§ Directions for this task
Where the records below begin, start copying, and stop after the line that contains "A beautiful faux"; reproduce every line exactly but omit pictures.

§ Given data
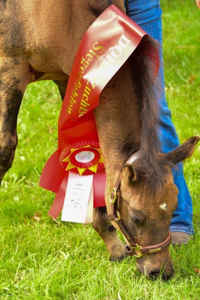 ausdrucksstarke, bildhübsche AQH Stute sucht ab Nov/Dez ihr 5 Sterne Zuhause. Josie ist am 01.05.2025 geboren und ein korrekt gebautes, leichtfüßiges, menschenbezogenes kleines Stütchen in der Traumfarbe Dark Buckskin. Sie wächst derzeit artgerecht in der gemischten Herde auf und ist bereits Halfter führig. Hufe geben, anbinden sowie verladen wurde auch schon fleißig geübt. Im Rahmen der DQHA Höveler Zuchtschau 2025 konnte sie bereits alle Blicke auf sich ziehen und ein sehr typvolles AQH präsentieren, was zum Gewinn der Sieger Trophy führte. Ihre Abstammung führt auf die alte Quarter Linie x Foundation /Reining zurück und verspricht später ein tolles Allround Talent. Beide Elterntiere können hier Vorort besichtig werden und sind 5 Panel, sowie 6 Panel N/N. Josie hat bereits ein schickes CORE und bekommt noch einen Pass von der DQHA. Für weitere Fragen stehe ich gern zur Verfügung.
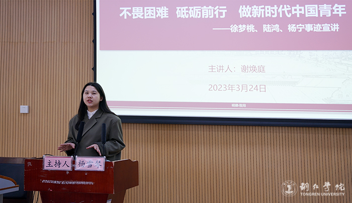 3月24日,世界杯官网在博思楼举行了以“不畏困难 砥砺前行 做中国新时代青年”为主题的道德讲堂,以先进人物事迹激发青年学生奋进意识,让学生深刻理解新时代的历史使命和责任担当。本次讲座由贵州省2022高校最美辅导员、世界杯官网教育学院专职辅导员谢焕庭老师主讲。
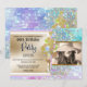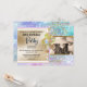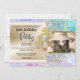 A beautiful faux shimmer pearlised background in vibrant shades of pink, purple and aqua blue forms a backdrop to glitter balloons resting on the edge of a gold and purple edged background and a photo frame that may be personalised to suit your occasion. These fabulous invitations are ideal for any girly or diva milestone birthday party you may be hosting or celebrating for your boss, mother, sister, daughter, niece, granddaughter or goddaughter.
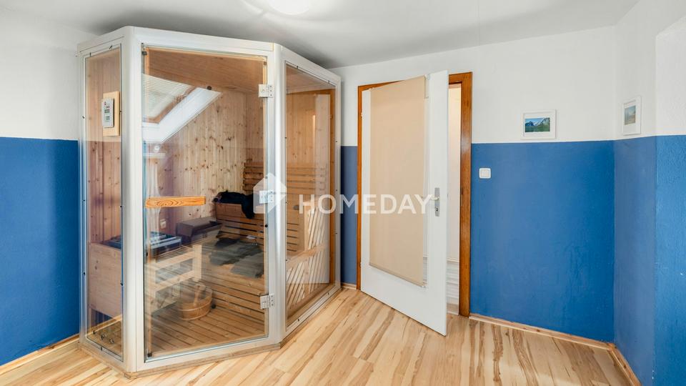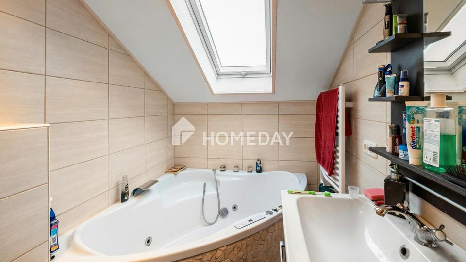 Im Erdgeschoss befindet sich ein 2014 vollständig erneuertes Tageslichtbad mit moderner Dusche. Das Badezimmer im Obergeschoss wurde 2015 komplett modernisiert und ist mit einem komfortablen Eck-Whirlpool ausgestattet. Ein ganz besonderes Plus stellt zudem die im Obergeschoss integrierte Sauna dar. Sie bietet einen exklusiven Rückzugsort für entspannte Auszeiten und verleiht der Immobilie einen spürbar erhöhten Wohlfühl- und Erholungscharakter.
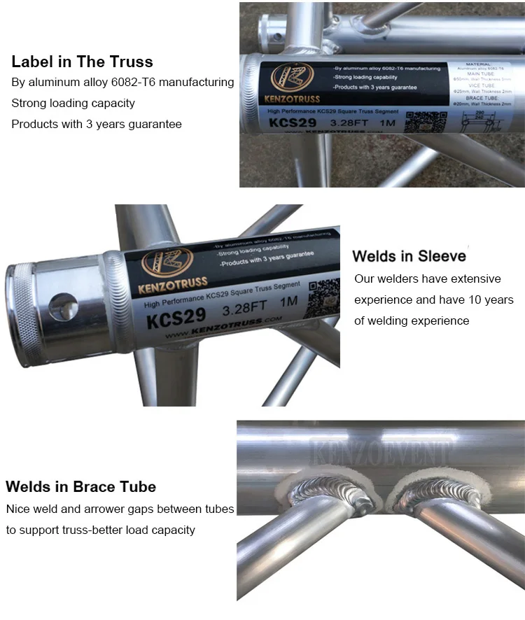 Kenzo aluminum spigot truss,is designed and engineered with life dependable welds to perform to the highest standards.
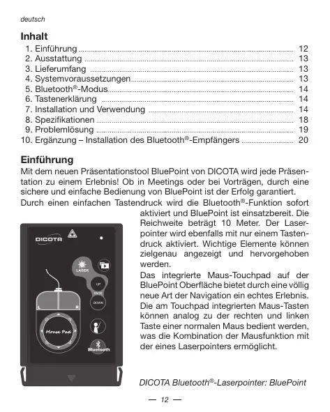 Laden Sie die Anleitung für Ihr Fernbedienung kostenlos im PDF-Format! Finden Sie Ihr Handbuch BLUEPOINT - DICOTA und nehmen Sie Ihr elektronisches Gerät wieder in die Hand. Auf dieser Seite sind alle Dokumente veröffentlicht, die für die Verwendung Ihres Geräts notwendig sind. BLUEPOINT von der Marke DICOTA.
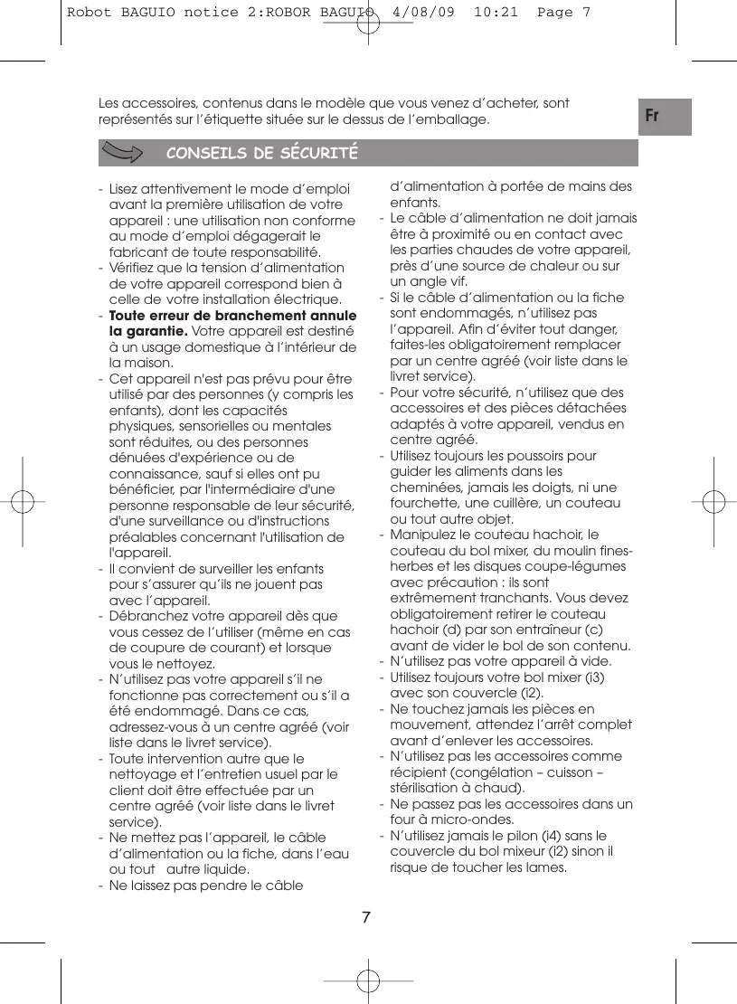 - Vérifiez que la tension d’alimentation de votre appareil correspond bien à celle de votre installation électrique. - Toute erreur de branchement annule la garantie. Votre appareil est destiné à un usage domestique à l’intérieur de la maison. - Cet appareil n'est pas prévu pour être utilisé par des personnes (y compris les enfants), dont les capacités physiques, sensorielles ou mentales sont réduites, ou des personnes dénuées d'expérience ou de connaissance, sauf si elles ont pu bénéficier, par l'intermédiaire d'une personne responsable de leur sécurité, d'une surveillance ou d'instructions préalables concernant l'utilisation de l'appareil. - Il convient de surveiller les enfants pour s’assurer qu’ils ne jouent pas avec l’appareil. - Débranchez votre appareil dès que vous cessez de l’utiliser (même en cas de coupure de courant) et lorsque vous le nettoyez. - N’utilisez pas votre appareil s’il ne fonctionne pas correctement ou s’il a été endommagé. Dans ce cas, adressez-vous à un centre agréé (voir liste dans le livret service). - Toute intervention autre que le nettoyage et l’entretien usuel par le client doit être effectuée par un centre agréé (voir liste dans le livret service). - Ne mettez pas l’appareil, le câble d’alimentation ou la fiche, dans l’eau ou tout autre liquide. - Ne laissez pas pendre le câble

§ Response to the task
 ausdrucksstarke, bildhübsche AQH Stute sucht ab Nov/Dez ihr 5 Sterne Zuhause. Josie ist am 01.05.2025 geboren und ein korrekt gebautes, leichtfüßiges, menschenbezogenes kleines Stütchen in der Traumfarbe Dark Buckskin. Sie wächst derzeit artgerecht in der gemischten Herde auf und ist bereits Halfter führig. Hufe geben, anbinden sowie verladen wurde auch schon fleißig geübt. Im Rahmen der DQHA Höveler Zuchtschau 2025 konnte sie bereits alle Blicke auf sich ziehen und ein sehr typvolles AQH präsentieren, was zum Gewinn der Sieger Trophy führte. Ihre Abstammung führt auf die alte Quarter Linie x Foundation /Reining zurück und verspricht später ein tolles Allround Talent. Beide Elterntiere können hier Vorort besichtig werden und sind 5 Panel, sowie 6 Panel N/N. Josie hat bereits ein schickes CORE und bekommt noch einen Pass von der DQHA. Für weitere Fragen stehe ich gern zur Verfügung.
 3月24日,世界杯官网在博思楼举行了以“不畏困难 砥砺前行 做中国新时代青年”为主题的道德讲堂,以先进人物事迹激发青年学生奋进意识,让学生深刻理解新时代的历史使命和责任担当。本次讲座由贵州省2022高校最美辅导员、世界杯官网教育学院专职辅导员谢焕庭老师主讲。
 A beautiful faux shimmer pearlised background in vibrant shades of pink, purple and aqua blue forms a backdrop to glitter balloons resting on the edge of a gold and purple edged background and a photo frame that may be personalised to suit your occasion. These fabulous invitations are ideal for any girly or diva milestone birthday party you may be hosting or celebrating for your boss, mother, sister, daughter, niece, granddaughter or goddaughter.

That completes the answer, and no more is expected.